INSTRUCTIONS TO FOLLOW: Starting at the top of the records below and ending with the line that contains "Sapato clerical em", print each line exactly as written, skipping the pictures.

DATA PROVIDED:
• • • • •

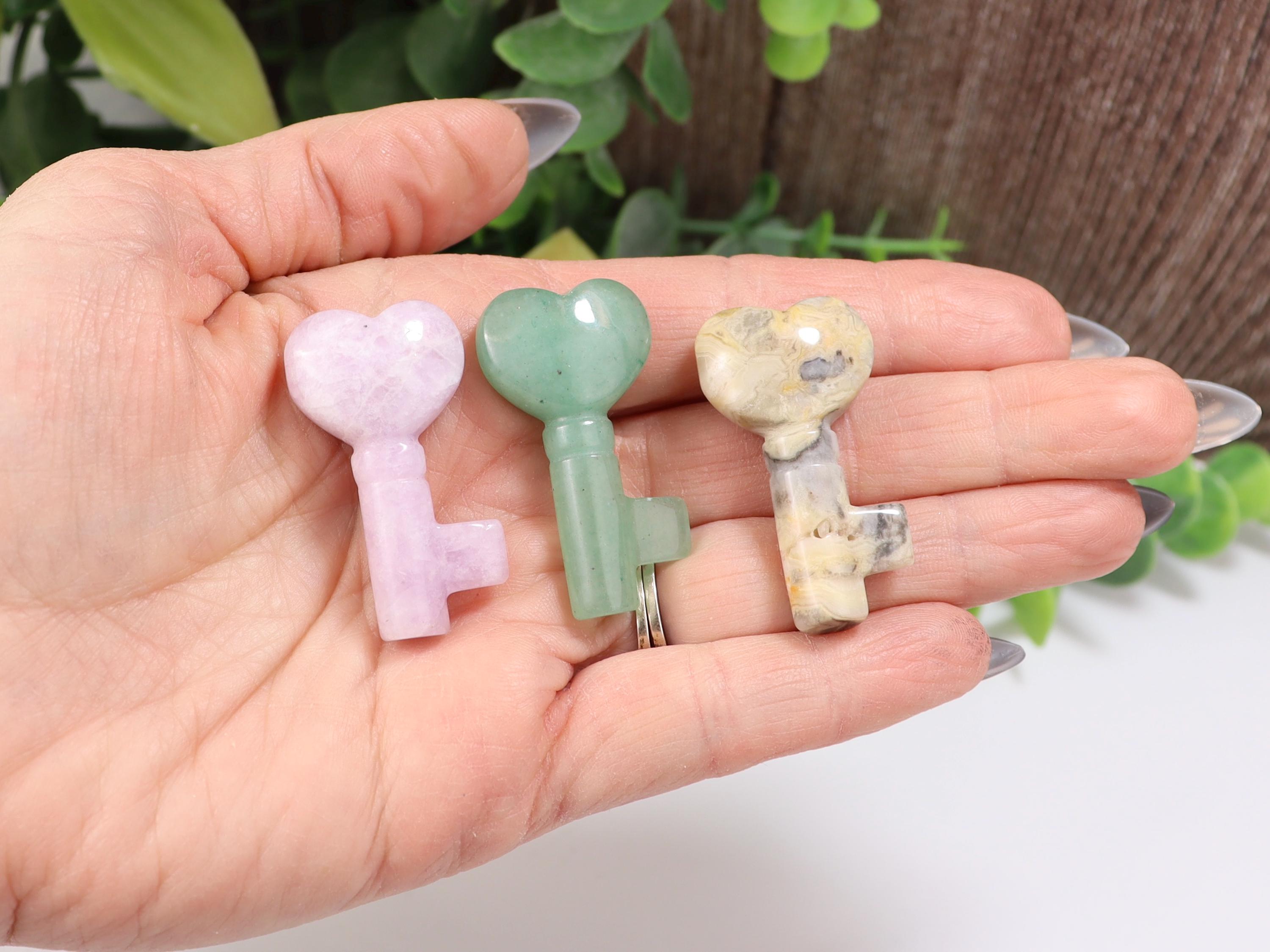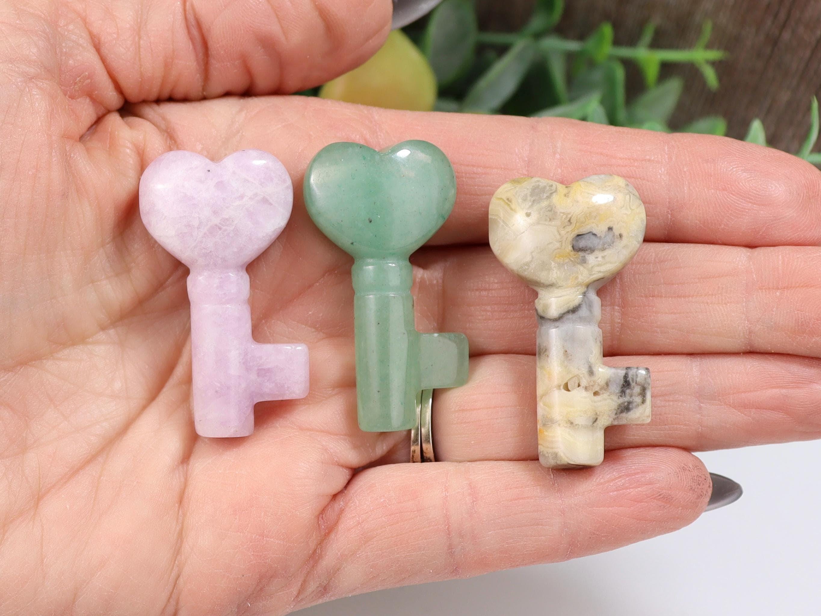 This listing is for 1 (ONE) Crystal Heart Key Carving Please choose the stone type you would like from the drop down menu
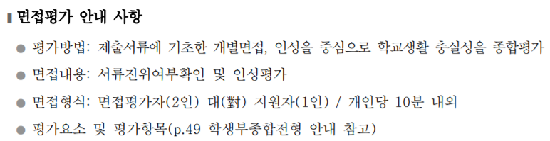 여기서 주의할 점은, 공인어학성적, 교과관련 교외수상실적, 해외봉사실적 등은 평가에서 반영하지 않는다는 점입니다.
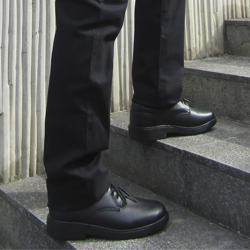 Sapato clerical em pele preta com fecho em renda. Montado, colado e cosido à sola.
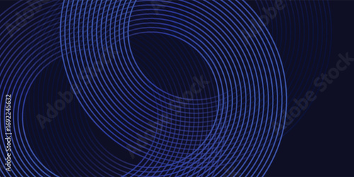 Abstract blue glowing geometric lines on dark blue background. Modern shiny blue circle lines pattern.
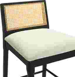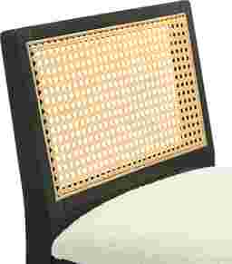 The woven rattan backrest is designed to offer a blend of breathable support and ergonomic comfort. By combining the natural flexibility of rattan with a plush, upholstered seat, this stool provides a comfortable seating solution for more than just a quick snack. The combination of textures—warm wood, natural rattan, and soft boucle—creates an inviting chair suitable for long conversations and homework sessions alike.
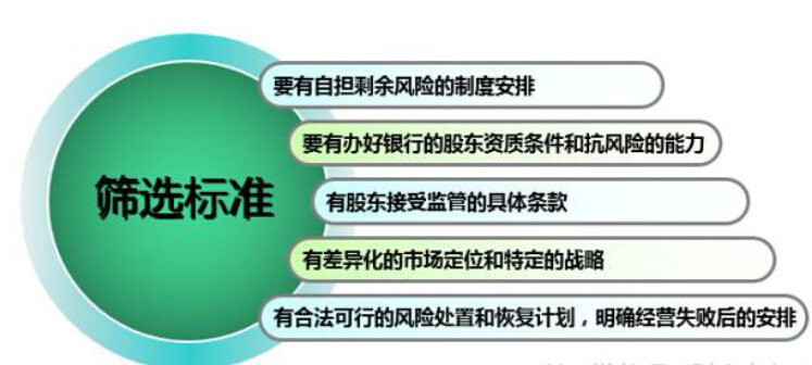 3月11日,銀監會公布了首批民營銀行試點名單。經過發起主體之間多輪溝通和資源協商,近期三家試點銀行籌建小組確定了銀行籌建方案,7月中下旬向銀監會提交了正式的籌建申請。
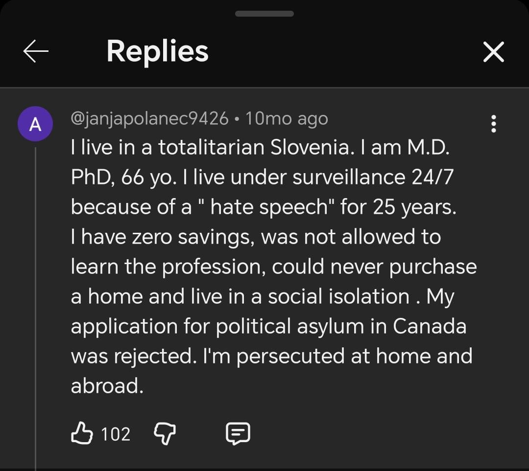 Such_Housing_6850 on 09/02/2026 08:32 Drugje se to dogaja in bi verjel, v sloveniji pa tega (še) nisem slišal. Kolikor vem niti zakonov proti sovražnemu govoru nimamo
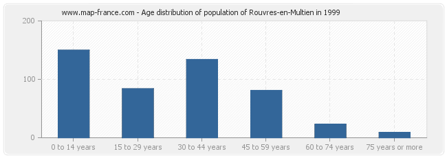 Distribution of the population of Rouvres-en-Multien by age in 1999 :
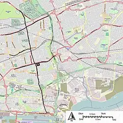 ![]() Map of the routes of the East Ham Corporation Tramways | |
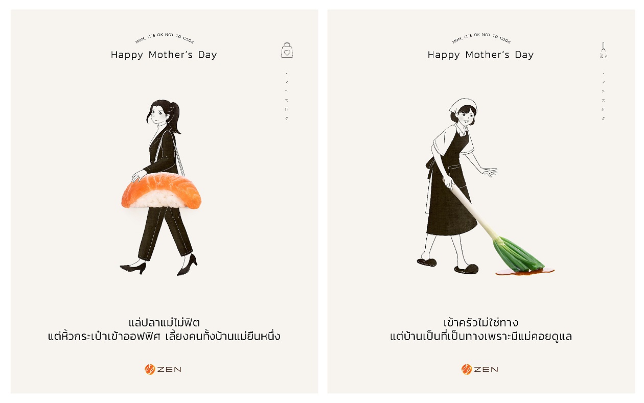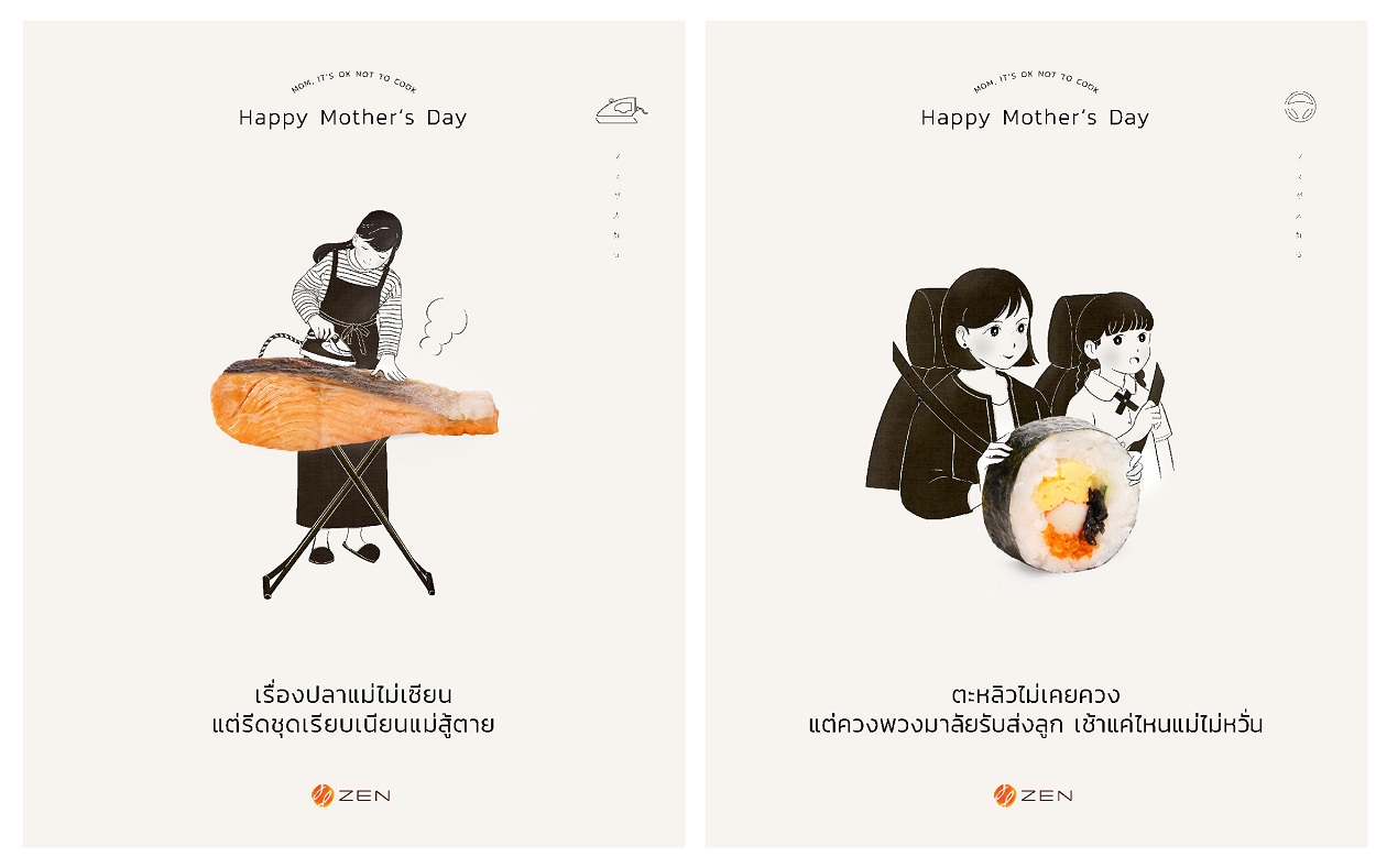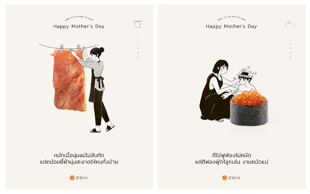 ในวันแม่ทุก ๆ ปี หน้าฟีดส์ Social คงเต็มไปด้วยโพสต์โชว์เมนูฝีมือแม่ที่คิดถึง หรือ TAG ถึงแม่ อวดแม่ครัวตัวมัมคนเก่ง แต่ ZEN Restaurant เจออินไซต์ที่ไม่เคยมีใครพูดถึงนั่นก็คือ ยังมี ‘แม่’ อีกหลายคน ที่ไม่ทำอาหาร หรือทำอาหารไม่เก่ง แต่แม่ทุกคนยัง ‘เก่ง’ อีกหลายด้าน โดยเฉพาะเรื่องที่ต้องทำเพื่อลูกรัก และเรื่องที่ลูกทุกคนต้องเคยแอบราคาจริงจากแม่เวลาพาไปกินข้าว ทั้งหมดนี้จะถูกนำมาครีเอท 2 แคมเปญจึ้งใจในช่วงวันแม่ปีนี้ด้วย
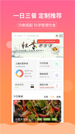 嘉肴健康美食菜谱全称叫做嘉肴做饭做菜家常菜谱大全app,这是一款掌上美食菜谱软件。在这里用户们可以学习海量的美食菜谱,无论你喜欢的是中、西餐,小吃,糕点,早餐,甜点,热、凉菜还是儿童、孕妇、老人菜谱,川,粤,湘,鲁等菜系,软件通通都是有涉及的,且收集的十分全面。
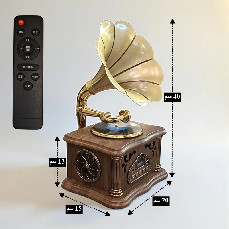 جراموفون كلاسيكي مصغر باللون الخشبي والنحاسي مع خاصية البلوتوث و USB
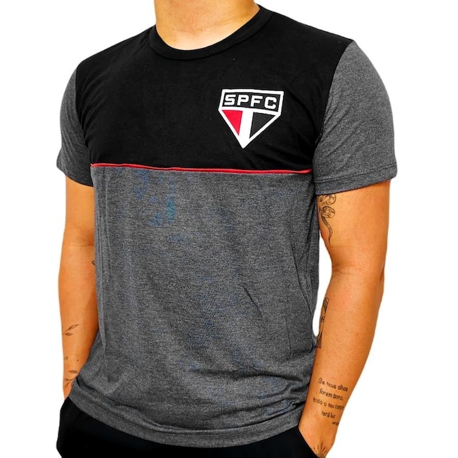 Produzida em 50% poliéster e 50% algodão, a peça conta com um design ousado e moderno, na cor , com as tradicionais faixas do Tricolor na parte frontal, além do escudo do Tricolor do lado esquerdo do peito.
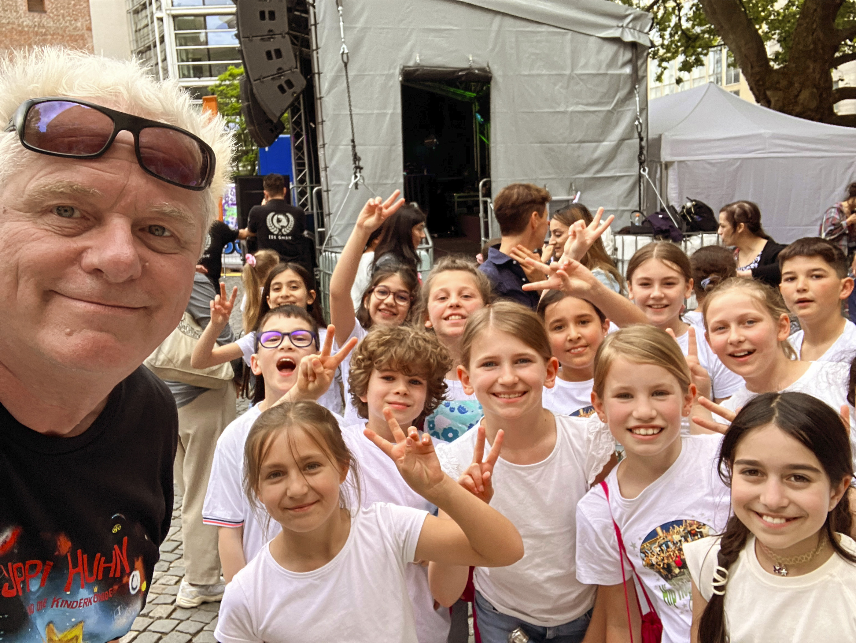 Am Dienstag, den 14. Mai 2024 hatte Suppi Huhn mit den Kinderkönigen des TH an der Großhadener Straße zwei Choreografien eingeübt: Mit den Liedern „Demokratie – wir stehen auf diese Freiheit“ und „Wir öffnen unser Herz“ feierten sie unsere Demokratie, Toleranz, Frieden, Zusammenhalt und Vielfalt. Am Mittwoch, den 15. Mai 2024 haben sie es gemeinsam mit Suppi Huhn auf der Bühne am Rindermarkt in der Münchner Innenstadt vor einem begeisterten Publikum gesungen. Mit diesem Auftritt und vielen weiteren Aktionen in der Münchner Innenstadt wurde daran erinnert, dass das Grundgesetzes am 23. Mai 1949 unterzeichnet worden ist. Das Foto entstand direkt nach dem Auftritt.
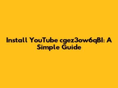 Install YouTube Cgez3ow6qBI: A Simple Guide
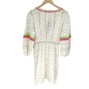 Galita Boho Eyelet Tiered Cotton Mini Dress White Size Large NWT

• • • • •

EXERCISE SOLUTION:
 This listing is for 1 (ONE) Crystal Heart Key Carving Please choose the stone type you would like from the drop down menu
 여기서 주의할 점은, 공인어학성적, 교과관련 교외수상실적, 해외봉사실적 등은 평가에서 반영하지 않는다는 점입니다.
 Sapato clerical em pele preta com fecho em renda. Montado, colado e cosido à sola.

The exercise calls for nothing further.